To answer your question, Lucas, I think you want weights=(1/population). R parameterizes the weights as inversely proportional to the variances, so specifying the weights this way amounts to assuming that the variance of the error term is proportional to the population of the city, which is a common assumption in this setting.

But check the assumption! If the variance of the error term is indeed proportional to the population size, then if you divide each residual by the square root of its corresponding sample size, the residuals should have constant variance. Remember, dividing a random variable by a constant results in the variance being divided by the square of that constant.

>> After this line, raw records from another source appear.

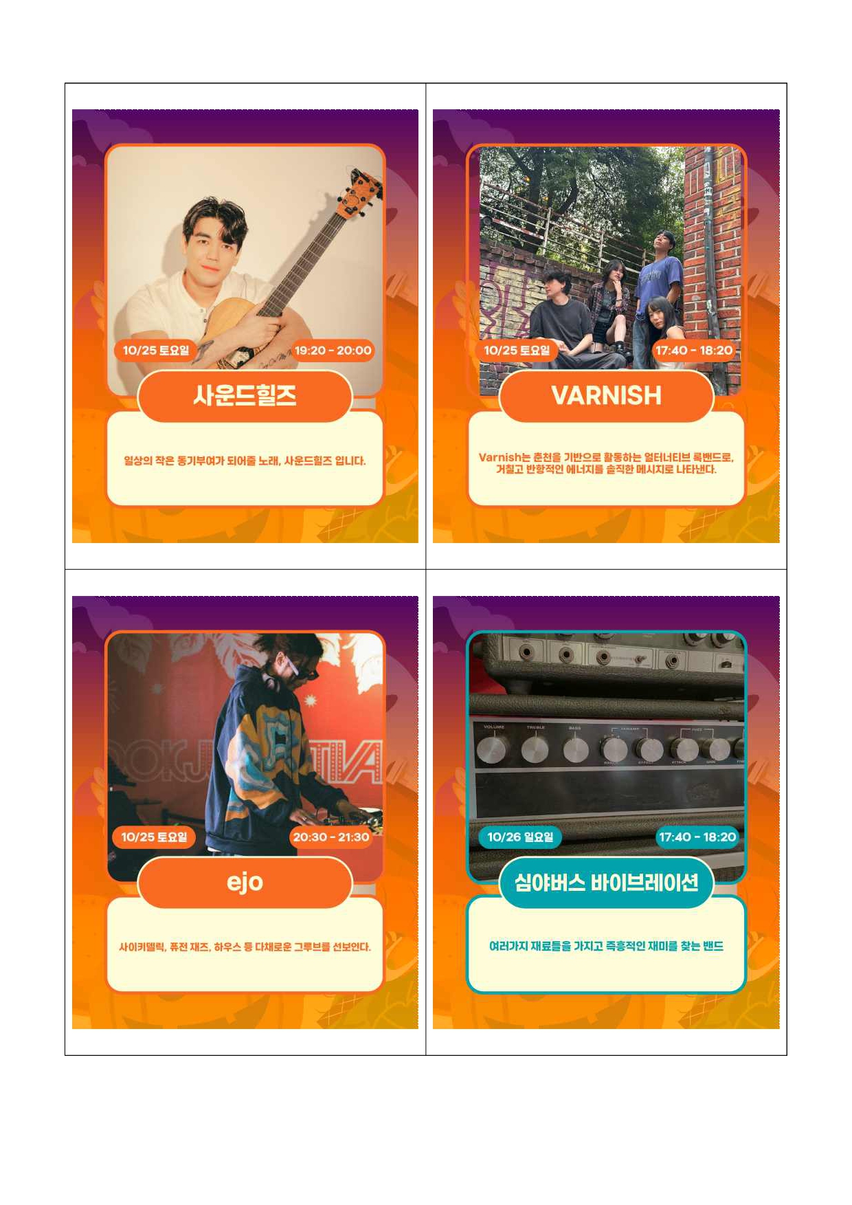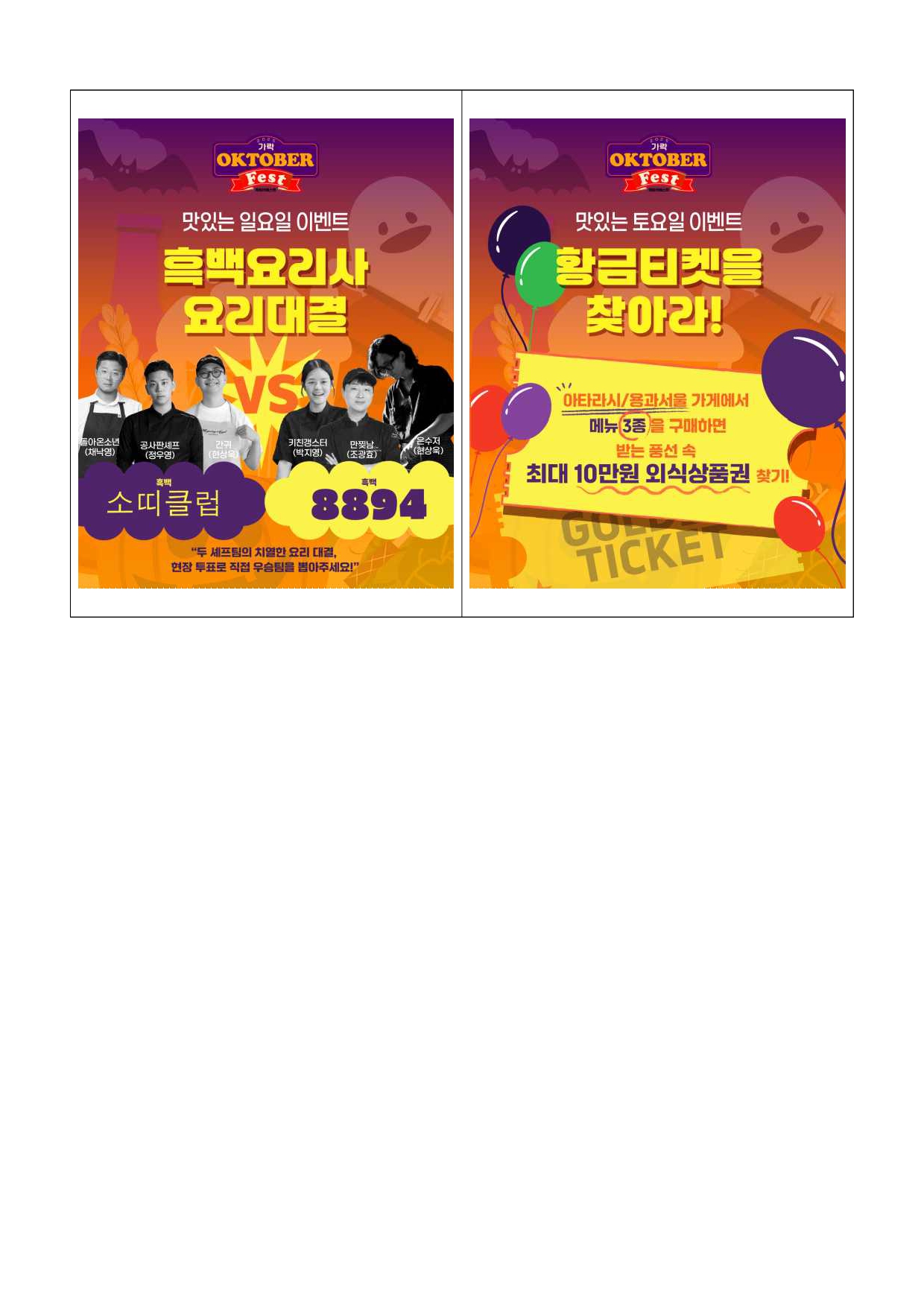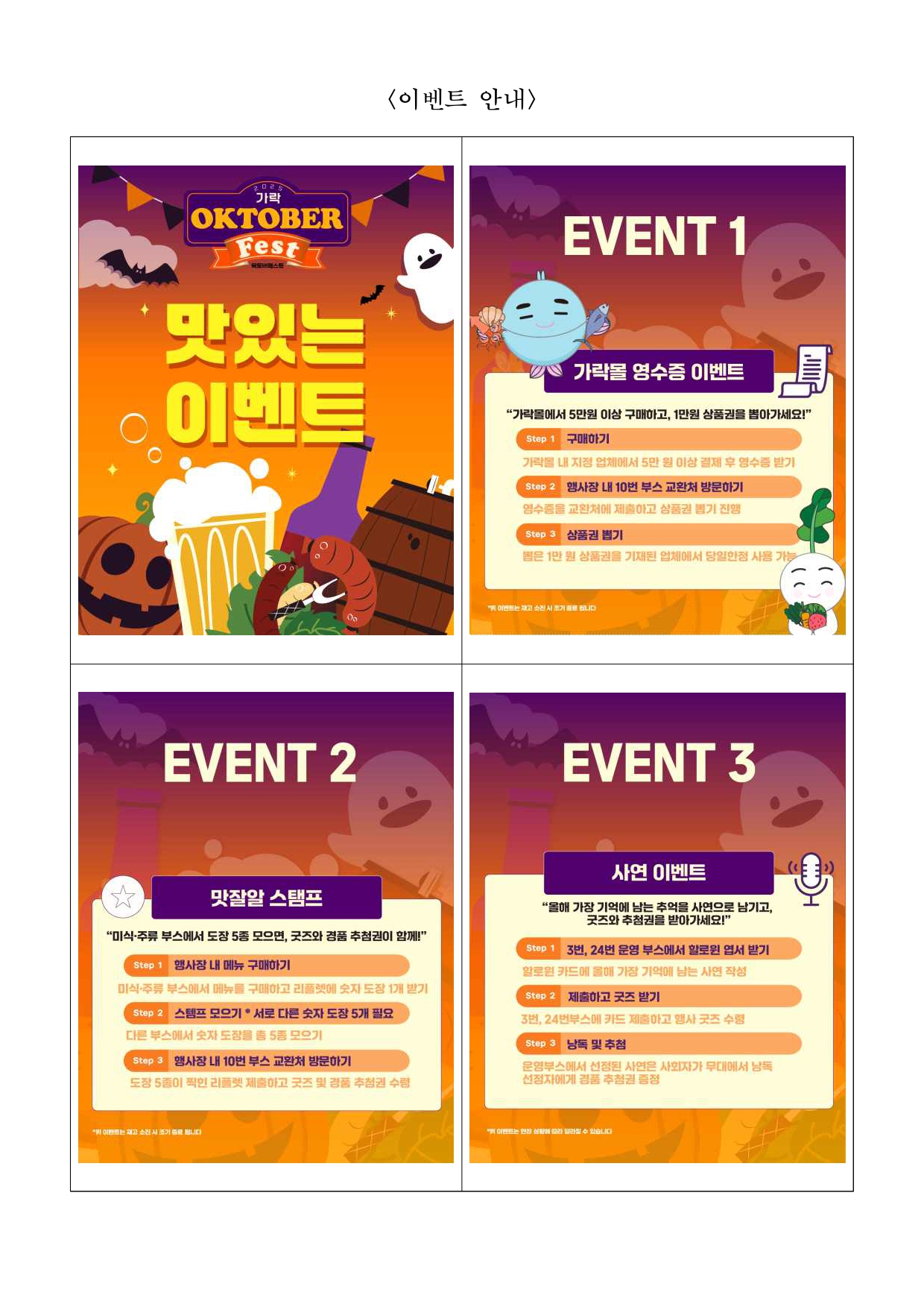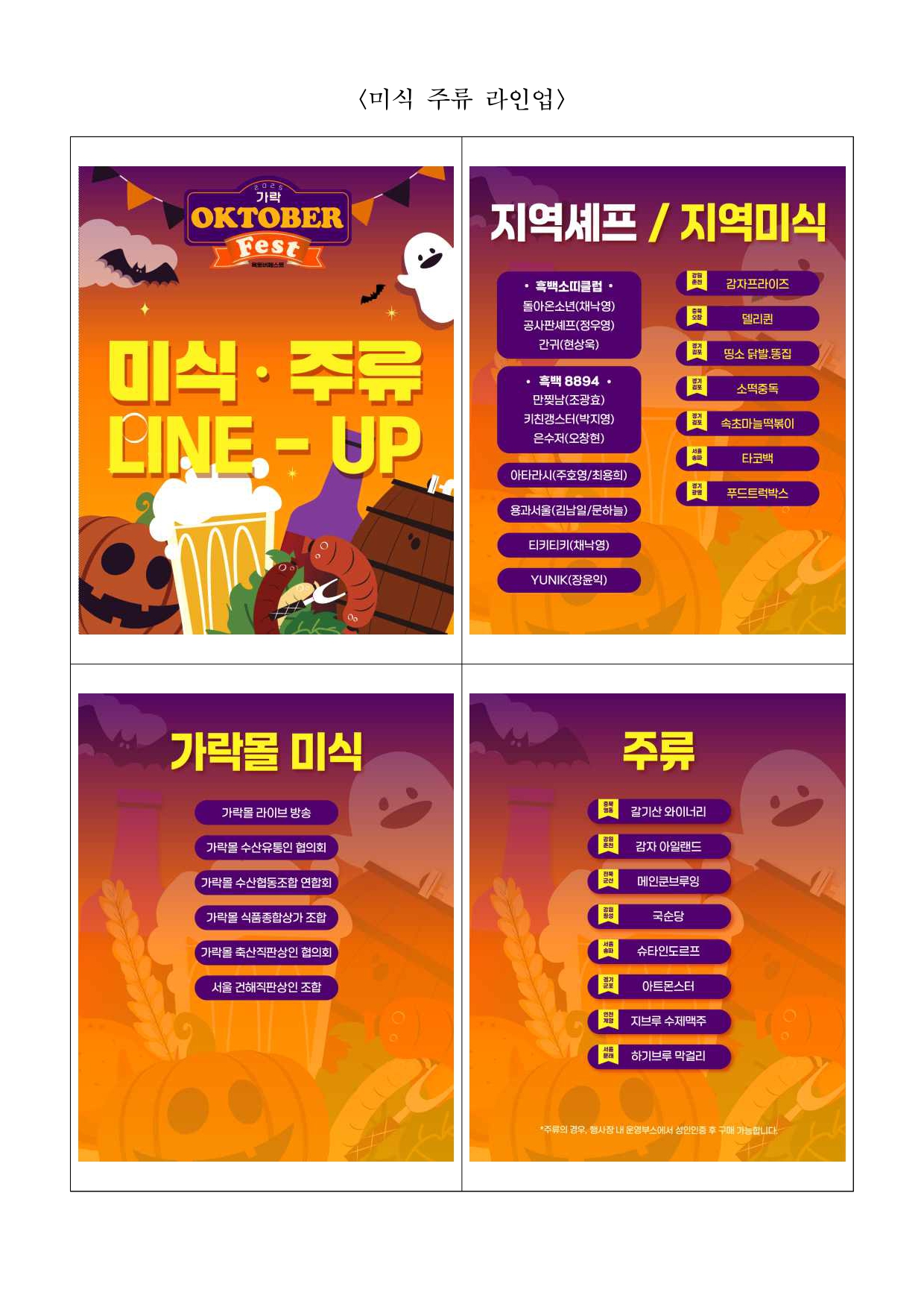 2025. 10. 20.(월) 조간용 이 보도자료는 2025년 10월 20일 11:15부터 보도할 수 있습니다. 보도 자료담당 부서: 서울시농수산식품공사 가락몰활성화TF팀 가락몰활성화TF 팀장 김종철 02-3435-0256 담 당 자 김영삼 02-3435-0298 사진 없음 □ 사진 있음 ▣ 쪽수: 9쪽 관련 누리집 https://www.garak.co.kr 서울 가락시장 가락몰, 맥주와 음악으로 물드는 가을밤- 서울시농수산식품공사, 10월 24~26일 ‘2025 가락 옥토버페스트’ 개최- 수제맥주·푸드·공연·이벤트가 함께하는 도심 속 가을 축제 - 가족 단위 관람객 위한 체험존 운영, 수익금 일부는 기부 예정 □ 서울시농수산식품공사(사장 문영표)는 오는 10월 24일(금)부터26일(일)까지 3일간, 가락몰 3층 하늘공원에서 가을 축제 ‘2025 가락옥토버페스트(Oktober Fest)’를 개최한다고 밝혔다. □ 올해 옥토버페스트는 맥주와 미식, 음악, 이벤트, 체험 프로그램이한자리에 어우러진 도심 속 가을 축제로, 남녀노소 누구나즐길수있는 시민 참여형 행사로 진행된다. □ 행사장에는 전국의 유명 수제맥주 브랜드와 가락몰 대표 식당, 송파구내 유명 셰프들이 참여해 다양한 미식과 맥주의 조화를 선보인다.흑백요리사 요리대결, 보물찾기 미션, 미식 챌린지 등 관람객이직접참여할 수 있는 프로그램도 운영될 예정이다. □ 공연 무대에는 최미루, 사운드힐즈, 심야버스바이브레이션, 블루터틀랜드, VARNISH, 물장구클럽 등 다양한 장르의 밴드가 출연하며,DJ RAKUN, ROHA, ejo가 디제잉으로 현장의 열기를더한다.공연은 오후 4시부터 밤 10시까지 진행되며, 시간대별로 다른분위기와 감성의 무대를 선보인다. □ 가을 분위기를 살린 할로윈 콘셉트 프로그램도 함께 열린다. 할로윈코스프레, 호박레이싱, 풍선 컵 쌓기, 당도 경매 등 다채로운경연이진행되며, 우승자에게는 에어팟 맥스, 닌텐도 스위치, 플레이스테이션,미식 상품권 등 푸짐한 경품이 제공된다. 또한 가락몰 영수증이벤트,맛잘알 스탬프, 사연 이벤트, 미식 이벤트 등 참여형 부대행사도마련돼 상품권과 경품을 받을 수 있다. □ 가족 단위 방문객을 위한 ‘키즈놀이터’도 운영된다. 에어바운스, 카트라이더, 드로잉놀이터 등 어린이 체험 프로그램과 포토존, 간식부스가 함께 구성돼 가족이 함께 즐길 수 있는 공간으로 꾸며진다. □ 특히 이번 축제의 수익금 일부는 가락시장 내 무료급식소인‘하상바오로집’에 기부될 예정으로, 시민이 함께 즐기고 나눔을 실천하는뜻깊은 행사로 진행된다. □ 서울시농수산식품공사 관계자는 “가락 옥토버페스트는 시민과유통인이 함께 만드는 가락몰의 대표 가을축제로 자리 잡았다”며“올해는더욱 다양한 프로그램과 풍성한 혜택을 준비한 만큼 많은 시민이함께 참여해 가을의 낭만과 즐거움을 느끼길 바란다”고 밝혔다. <행사 포스터> <미식 주류 라인업> <공연 라인업> <이벤트 안내>
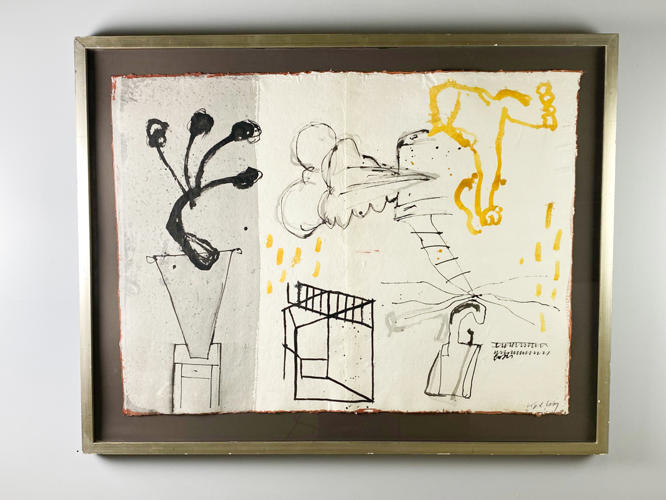 Komposition, akryl på papir i ramme, signeret Kjeld Ulrich, 92 x 112
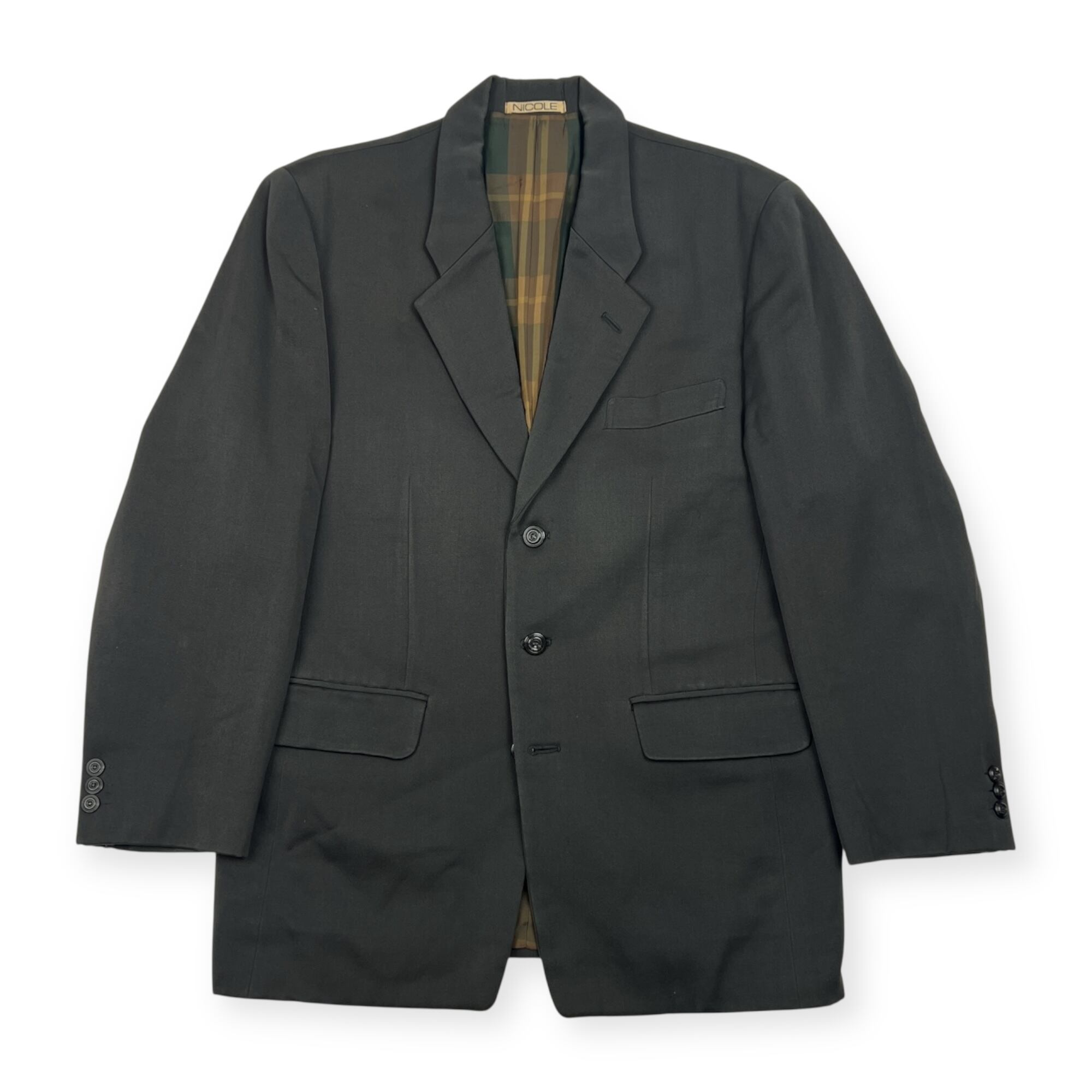 80s monsieur NICOLE ムッシュ ニコル 裏ストライプ 3B テーラードジャケット M/ダークグリーン グレー メンズ ビンテージ
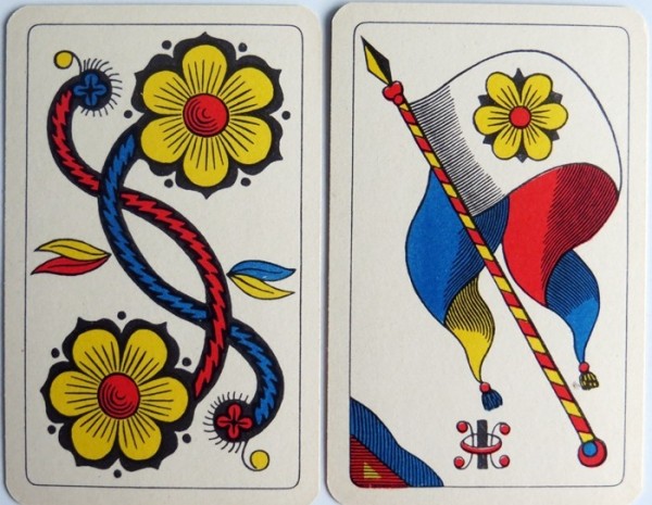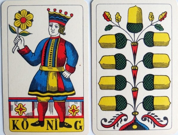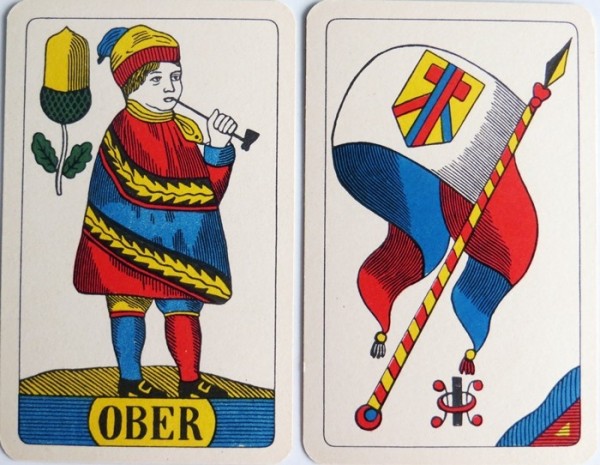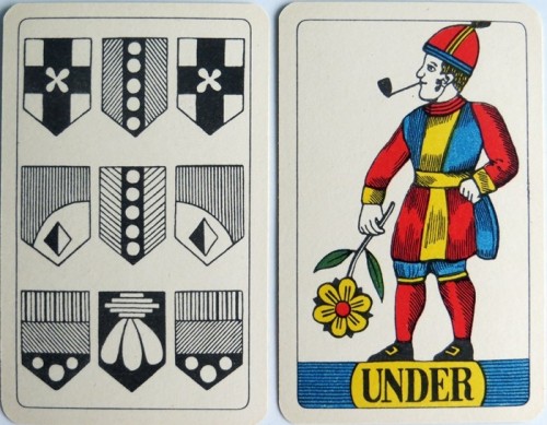 Standard single headed Swiss Pattern. The swiss suits are Acorns, Bells, (these are also used in Germany), Flowers and Banners/Flags.

Here's how you can check this: Obtain residuals from the regression by

residuals = lm(..., weights = 1/population)$residuals

Then divide the residuals by the square roots of the population variances:

standardized_residuals = residuals/sqrt(population)

Then compare the sample variance among the residuals corresponding to the bottom half of population sizes:

variance1 = var(standardized_residuals[population < median(population)])

to the sample variance among the residuals corresponding to the upper half of population sizes:

variance2 = var(standardized_residuals[population > median(population)])

If these two numbers, variance1 and variance2 are similar, then you're doing something right. If they are drastically different, then maybe your assumption is violated.

Question 2

From ?lm: "weights: an optional vector of weights to be used in the fitting process. Should be NULL or a numeric vector. If non-NULL, weighted least squares is used with weights weights (that is, minimizing sum(w*e^2)); otherwise ordinary least squares is used." R doesn't do any further interpretation of the weights argument.

So, if what you want to minimize is the sum of (the squared distance from each point to the fit line * 1/sqrt(population) then you want ...weights=(1/sqrt(population)). If you want to minimize the sum of (the squared distance from each point to the fit line * 1/population) then you want ...weights=1/population.

As to which of those is most appropriate... that's a question for CrossValidated!